Consider the following first order linear difference equation for $y$:
$$y_{t+1} = \alpha * y_{t} + \beta * x_{t-n+1} ~~\forall t \ge n$$
For initial conditions, one could assume that $x_{i} \in \mathbb{R} ~~\forall t = 1, \ldots n$. (except that they cannot all be zero).
The other constraint is that $$y_{n} = \sum_{i=0}^{n-1} x_{n-i}$$ so that the $n$th value of $y$ in the sequence always sums to the previous $n$ values of $x_{i}$.
For example:
$y_{n} = x_{n} + x_{n-1} \ldots + x_{1}$ and process starts at time t = n because y needs to have a value for it to start.
So, for example, if $n=30$, then $y_{30}$ is the first observation for $y$ so the process starts at time t = n = 30. Note that the $x_{t}$ process starts at time $t = 1$ so we need the $x_{i} \forall i= 1,\ldots 30$ before the y process can start.
Similarly, once t is greater than or equal to n, we have
$y_{n+1} = x_{n+1} + x_{n} + \ldots x_{2}$
$y_{n+2} = x_{n+2} + x_{n+1} + \ldots x_{3}$
$\vdots$
Given the assumptions and the constraint, is there a relation between $\lambda$ and $\beta$ which meets the requirements?
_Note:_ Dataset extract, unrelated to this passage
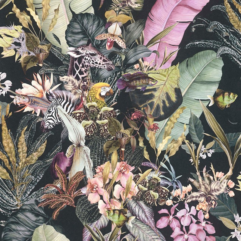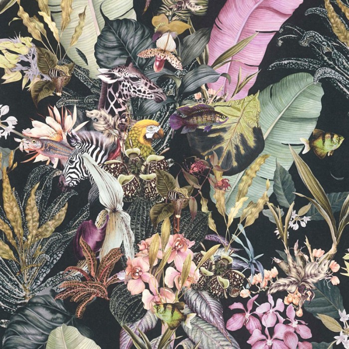 Una propuesta decorativa para espacios con personalidad. Papel Pintado flora y fauna tropical con el fondo negro As Creation Dream Flowery 381761.

I have no background in difference equations (I do have the book by Mann which talks about such a difference equation but not with that constraint) so if someone knows where an explanation for this type of thing is explained, it would be appreciated.
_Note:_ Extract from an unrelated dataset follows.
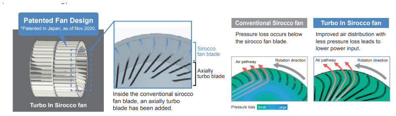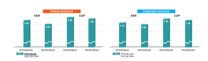 Χάρη στην εισαγωγή του ψυκτικού μέσου R32 σε συνδυασμό με το νέο, βελτιωμένο σχεδιασμό του ανεμιστήρα, κατέστη δυνατή η μείωση της κατανάλωσης ενέργειας με παράλληλη αύξηση της απόδοσης.

Essentially, once $t = n$, then, starting from there, the sum constraint needs to hold and the difference equation has to hold also. I'm pretty sure that the answer is that $\beta = -\alpha$ so that the equation reduces to
$$ y_{t+1} = \alpha * (y_{t} - x_{t-n+1}) ~~\forall t \ge n$$
and then, in order to satisfy the sum constraint, $\alpha = (\frac{1}{2})^{1/n}$. But how to prove this is a different story.